Open-EO / openeo-gfmap

Generic framework for EO mapping applications building on openEO
Apache License 2.0
3 stars 0 forks source link

Test access to AgERA5 collection on CDSE through `load_stac` from Terrascope collection #90

Closed kvantricht closed 2 weeks ago

kvantricht commented 1 month ago
GriffinBabe commented 1 month ago

@kvantricht apparently the catalogue from AGERA5 still does not exists. Should we ignore that aspect of the pipeline for the moment and leave it to NO_DATA or should we work toward a workaround?

kvantricht commented 1 month ago

This is a bit annoying as it was put on the task list a long time ago and @soxofaan mentioned the issue was closed as solved? For your purpose, please proceed by setting Meteo stream as no data. Not sure how the model will respond to that so it needs to be solved. @soxofaan who can help building the catalogue to allow load_stac from Terrascope on CDSE?

cc @jdries

GriffinBabe commented 1 month ago

I think the confusion comes as there is a work-around in the OpenEO aggregator that allows the use of Agera5 data in terrascope in a CDSE job, as @jdries mentioned in the OpenEO-users channel. I would need more information on how to do that in the meantime that the catalogue is being built

kvantricht commented 1 month ago

OK focus on the workflow first without meteo until it's clear to copy over some example on how to load AgERA5 properly. Is there an action point for someone else to follow up on exactly that?

soxofaan commented 1 month ago

FYI the AGERA5 collection is available

it can already be used from there to create a proof of concept and unblock progress.

I'll cook up an example on how to combine AGERA5 with other CDSE data through the CDSE aggregator

soxofaan commented 1 month ago

FYI: here is an usage example purely on Terrasope, including merge_cubes of AgERA5 and Sentinel2: https://gist.github.com/soxofaan/17e379cd0577c9a01fc4d5e3ea5c5186

soxofaan commented 1 month ago

And here is usage example with doing a AgERA5 batch job on Terrascope and loading it in CDSE, to be merge_cubed there: https://gist.github.com/soxofaan/53e85ac771a6cce144f048f11956e620

kvantricht commented 1 month ago

Thanks @soxofaan ! @GriffinBabe is this sufficient to effortlessly include meteo in the crop/no-crop UDF?

soxofaan commented 1 month ago

I also tried to construct a use case using the crossbackend feature on CDSE aggregator (where the load_stac split is handled automatically), but that is currently blocked by the Terrascope backend not supporting CDSE OIDC tokens (https://github.com/eu-cdse/openeo-cdse-infra/issues/113)

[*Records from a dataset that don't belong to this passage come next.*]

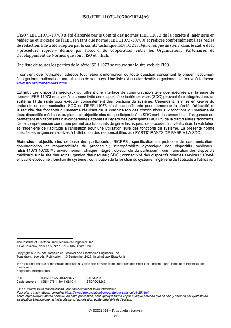 ISO/IEEE 11073-10700:2024 - Informatique de santé — Interopérabilité des dispositifs — Partie 10700: Communication entre dispositifs médicaux sur le site des soins — Norme relative aux exigences de base pour les participants à un système de connectivité de dispositifs orientée services (SDC) Released:16. 09. 2024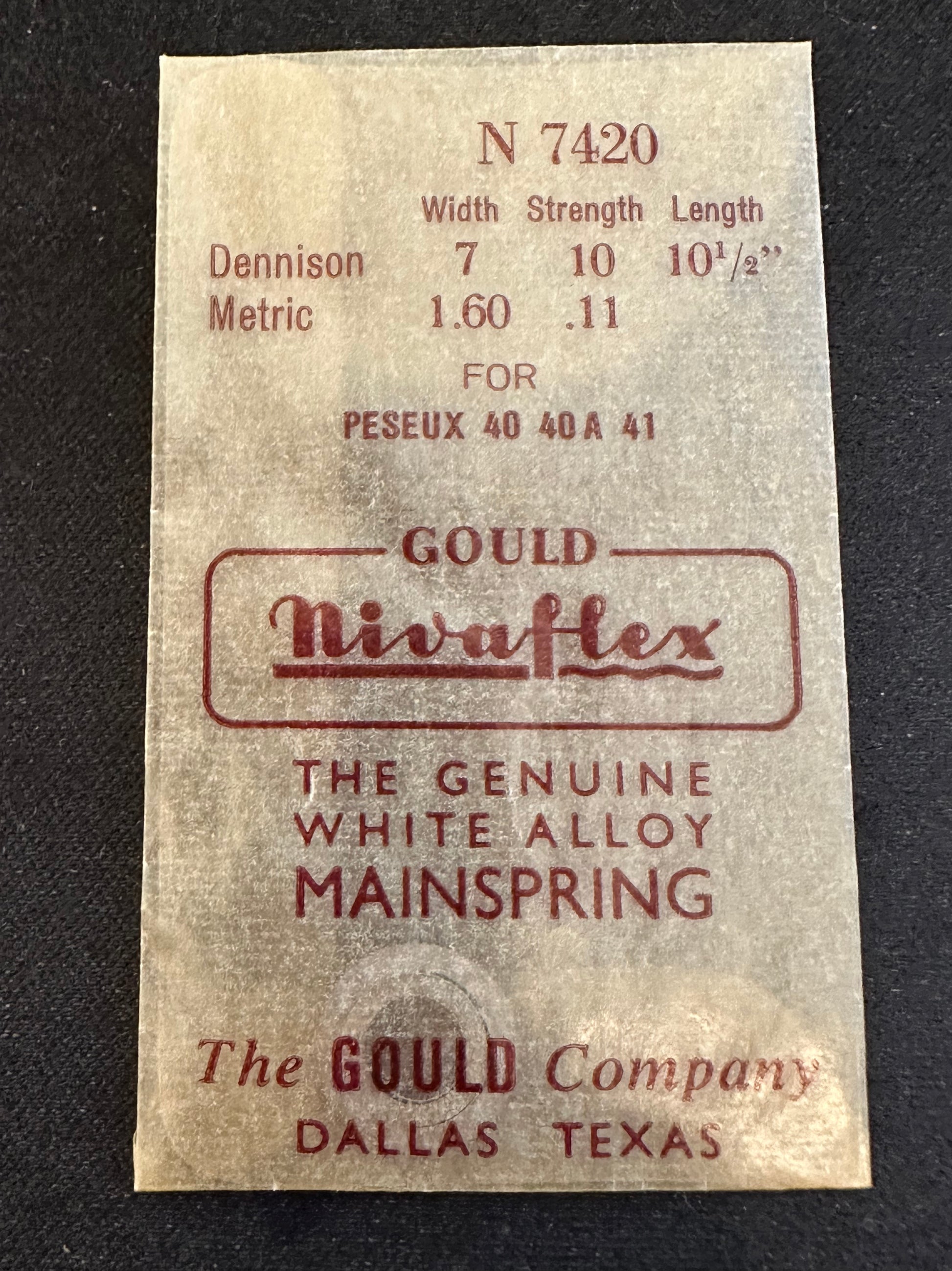 Nivaflex Unbreakable Mainspring N7420 for Peseux 40, 40A, 41 - Alloy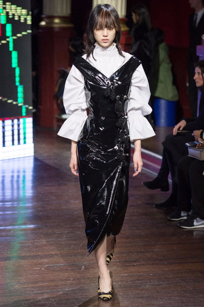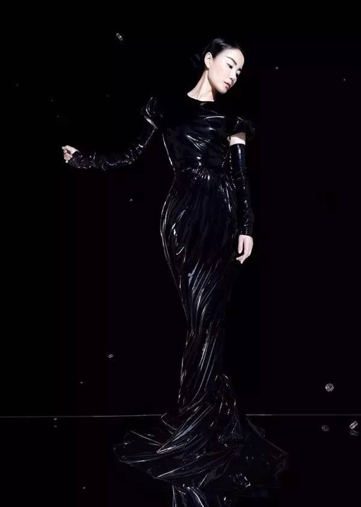 回到海报本身,我们可以看到,一条亮光的黑色PVC长裙将王菲纤细修长的身躯包裹住,裙摆围绕,非常的高贵且神秘。哪怕背景被修成了黑色,你依旧能感觉到衣服带有亮眼的光泽,犹如镜面一般(突然想起了iPhone7)。能给服装本身带来无限动感的感光布料的普遍流行,PVC以其防水和光泽度超高的优势占领秋冬的大部分秀场。
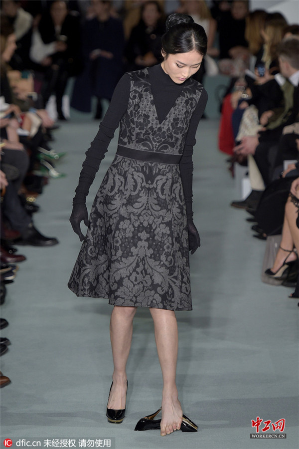 尴尬!中国名模李静雯纽约时装周T台一脚踏空(图)
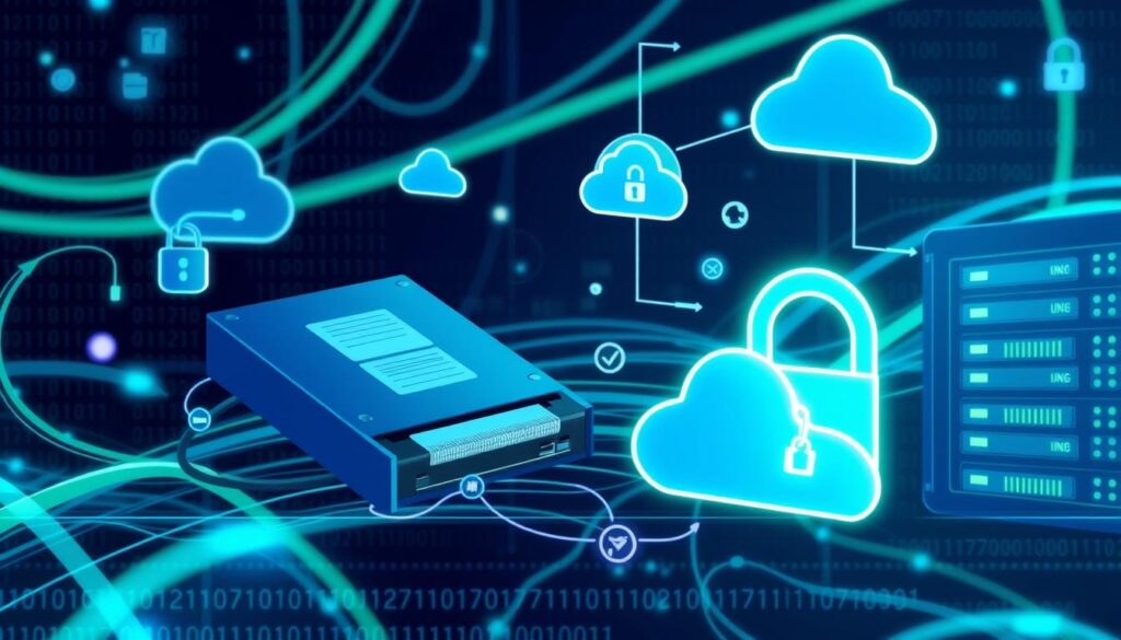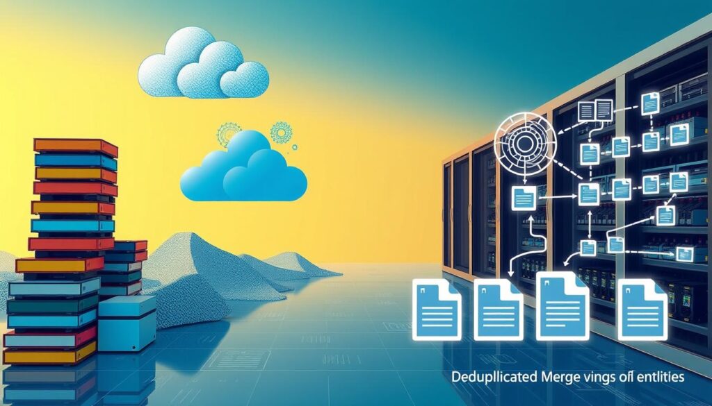 In the world of data management, new methods like data deduplication and compression are key. They help companies save space and keep their data safe11. Deduplication removes duplicate data, which is very important for cloud backups12. It makes storage needs smaller. Data compression also helps by making files smaller, speeding up data transfer, and cutting costs.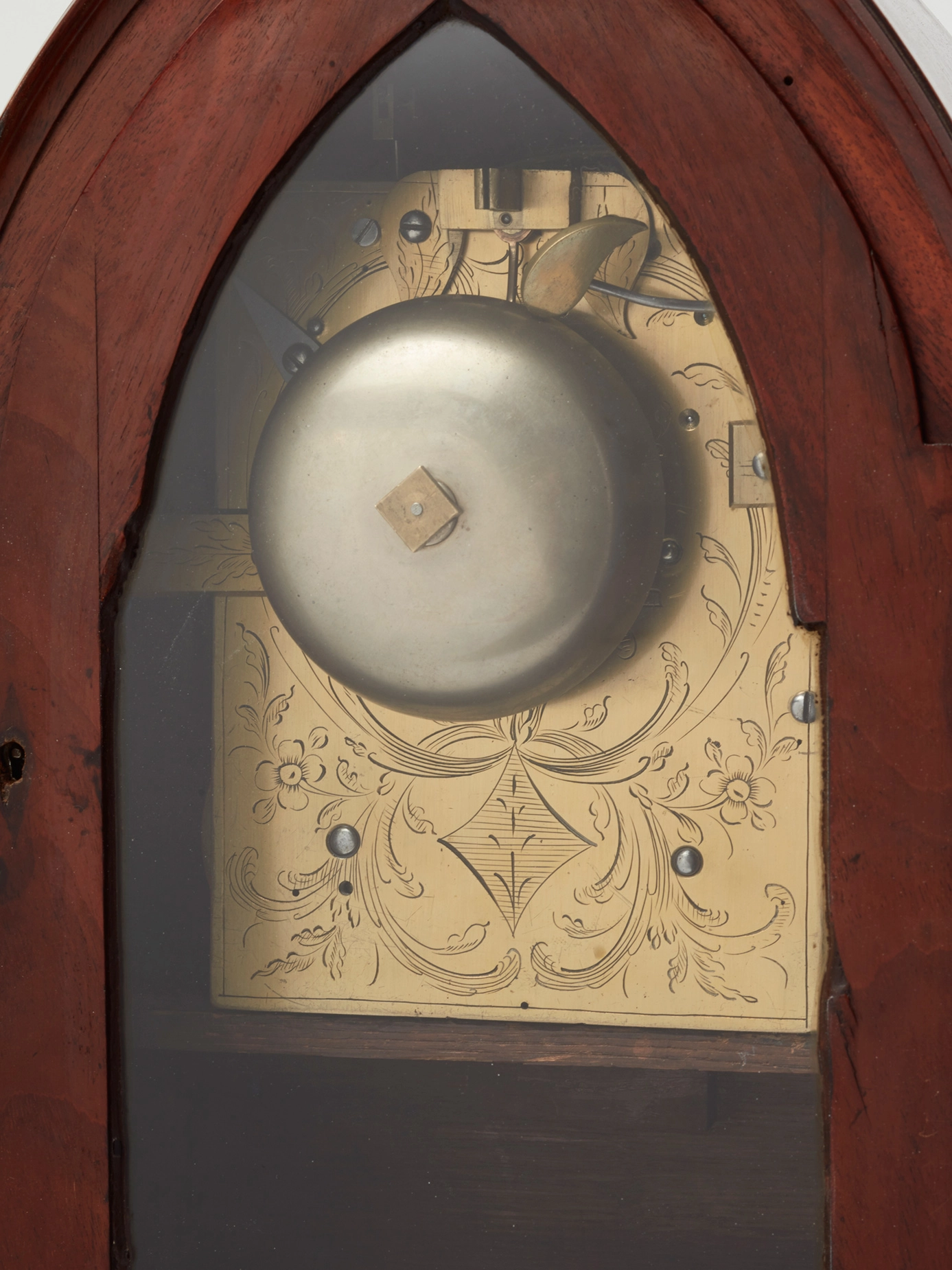 The eight day ‘on-bell’ striking movement with anchor escapement. Nicely engraved backplate.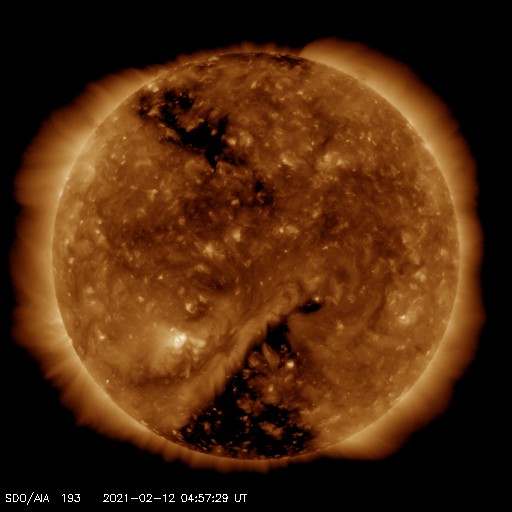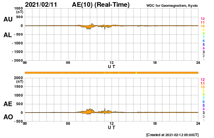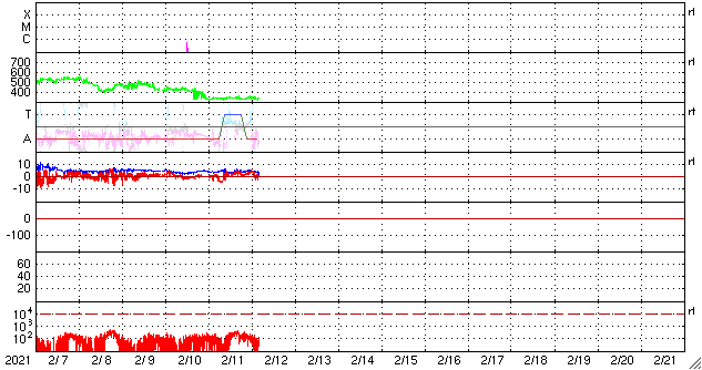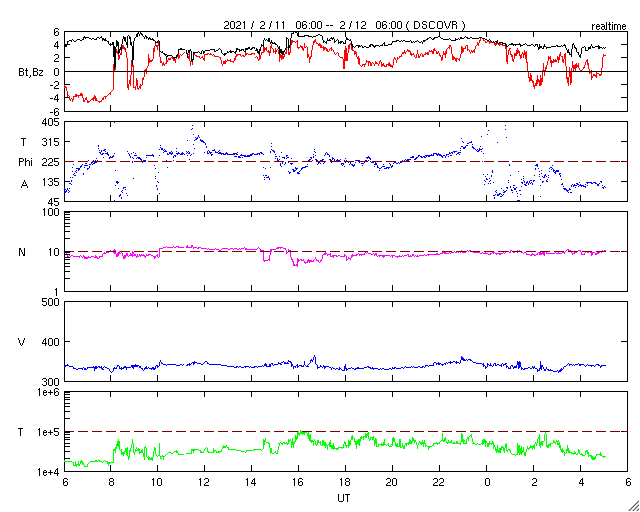 2021/ 2/12 14:11 更新 低速の太陽風が続いています。太陽は無黒点です。 担当 篠原 太陽風は、330km/秒と低速の風が続いています。 磁場強度は、4nT前後と平均的な状態です。 磁場の南北成分は、全体としては北寄りで推移しています。 磁気圏は穏やかで、AE指数はほとんど変化が起きていません。 SDO衛星AIA193では、 南半球のコロナホールは西側に進み、 明後日くらいから影響が始まるかもしれません。 一方、太陽の北東側(左上)にもコロナホールが現れています。 この領域も27日前の前周期に見えていたのですが、 太陽風への影響は特にないままでした。 今回はどうなるでしょうか。 太陽は、昨日見えていた小さい黒点は消えてしまい、 無黒点の状態です。 X線グラフも変化はなく、太陽はとても穏やかです。

GriffinBabe commented 1 month ago

Thanks @soxofaan, I can use your examples to build a first prototype. But for our application (to be delivered mid-june) we cannot use the Terrascope backend as we require global S1 & S2 collections. The solution of first creating a job in Terrascope to extract Meteo and then run another job in CDSE is suboptimal too as it will increase the failing points, will require the users to create multiple openEO accounts and is in general more work for everyone to maintain.

@soxofaan I think the best solution would be to wait for the implementation of a STAC catalogue of the AGERA5 collection directly accessible by the CDSE backend. Do you know how much time could that take? Is it a priority at the moment for the OpenEO team?

VictorVerhaert commented 1 month ago

Issue on creating the stac collection for agera5: https://github.com/Open-EO/openeo-geopyspark-driver/issues/591

soxofaan commented 1 month ago

The goal is to automatically run a AgERA5 batch job on Terrascope from the CDSE "aggregator". I'm actually working on that at the moment and something like this on the CDSE staging environment already works:

connection = openeo.connect(
    # Note: this is staging CDSE, requiring a CDSE staging account (which is different than the standard CDSE account)
    url="openeofed.dev.warsaw.openeo.dataspace.copernicus.eu",
)
connection.authenticate_oidc()

cube = connection.load_collection(
    collection_id = "AGERA5", ...
)

cube.execute_batch(out_format="netCDF")

Here, you connect to and interact with the CDSE (Federation aka aggregator), but the actual job runs in the background on Terrascope.

jdries commented 1 month ago

An initial STAC catalog with data for 2020 can be tested: https://radiantearth.github.io/stac-browser/#/external/stac.openeo.vito.be/collections/agera5_daily Would be good to have feedback before starting full ingest.

kvantricht commented 1 month ago

@GriffinBabe @VincentVerelst is this something we can check?

VincentVerelst commented 1 month ago

@jdries , it seems that providing any bounding box leads to an empty collection.

No bounding box does give results.

jdries commented 4 weeks ago

@VincentVerelst catalog was reset, again having only data for 2022; Now it does return items for the request you provided.